Range: - regular_expression
Attributes whose names match this expression will be selected. The expression can be specified through the edit and preview regular expression menu. This menu gives a good idea of regular expressions and it also allows you to try different expressions and preview the results simultaneously.
Range: - use_except_expression
If enabled, an exception to the first regular expression can be specified. This exception is specified by the except regular expression parameter.
Range: - except_regular_expression
This option allows you to specify a regular expression. Attributes matching this expression will be filtered out even if they match the first expression (expression that was specified in regular expression parameter).
Range: - value_type
This option allows to select a type of attribute. One of the following types can be chosen: numeric, integer, real.

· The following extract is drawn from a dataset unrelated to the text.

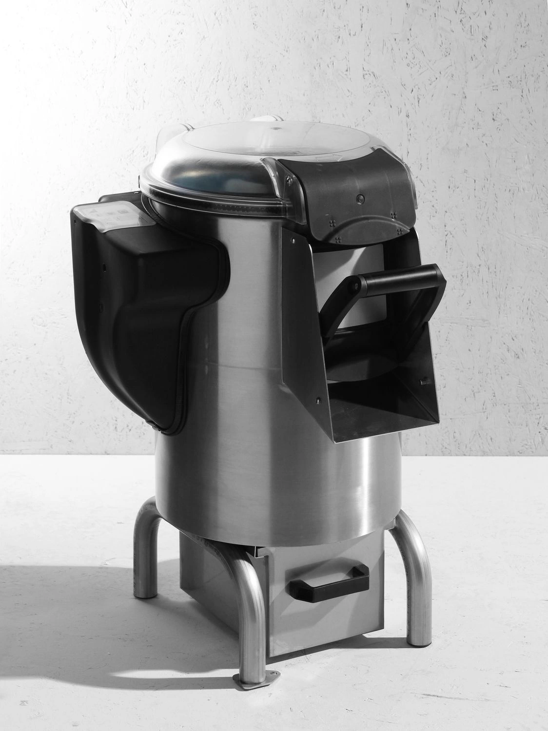 Škrabka na zemiakyów so separátorom z nehrdzavejúcej ocele. Jednorazové zaťaženie - 10,5 kg.Brúsny kotúč a steny vyložené vyberateľnou brúsnou vložkou. Priehľadné polykarbonátové veko. Digitálny časovač.

Range: - use_value_type_exception
If enabled, an exception to the selected type can be specified. This exception is specified by the except value type parameter.
Range: - except_value_type
The attributes matching this type will be removed from the final output even if they matched the before selected type, specified by the value type parameter. One of the following types can be selected here: numeric, integer, real.
Range: - block_type
This option allows to select a block type of attribute. One of the following types can be chosen: value_series, value_series_start, value_series_end.
Range: - use_block_type_exception
If enabled, an exception to the selected block type can be specified. This exception is specified by the except block type parameter.
Range: - except_block_type
The attributes matching this block type will be removed from the final output even if they matched the before selected type by the block type parameter. One of the following block types can be selected here: value_series, value_series_start, value_series_end.
Range: - numeric_condition
The numeric condition used by the numeric condition filter type. A numeric attribute is selected if all examples match the specified condition for this attribute. For example the numeric condition '> 6' will keep all numeric attributes having a value of greater than 6 in every example. A combination of conditions is possible: '> 6 && < 11' or '<= 5 || < 0'. But && and || cannot be used together in one numeric condition. Conditions like '(> 0 && < 2) || (>10 && < 12)' are not allowed because they use both && and ||.
Range: - invert_selection
If this parameter is set to true the selection is reversed. In that case all attributes not matching the specified condition are selected as time series attributes. Special attributes are not selected independent of the invert selection parameter as along as the include special attributes parameter is not set to true. If so the condition is also applied to the special attributes and the selection is reversed if this parameter is checked.
Range: - include_special_attributes
Special attributes are attributes with special roles. These are: id, label, prediction, cluster, weight and batch. Also custom roles can be assigned to attributes. By default special attributes are not selected as time series attributes irrespective of the filter conditions. If this parameter is set to true, special attributes are also tested against conditions specified and those attributes are selected that match the conditions.
Range: - has_indices
This parameter indicates if there is an index attribute associated with the time series. If this parameter is set to true, the index attribute has to be selected.
Range: - indices_attribute
If the parameter has indices is set to true, this parameter defines the associated index attribute. It can be either a date, date_time or numeric value type attribute. The attribute name can be selected from the drop down box of the parameter if the meta data is known.
Range: - sort_time_series
If this parameter is selected, the input time series will be sorted, according to the selected indices attribute, before the time series operation is applied on. If it is not selected and the input time series is not sorted, a corresponding User Error is thrown.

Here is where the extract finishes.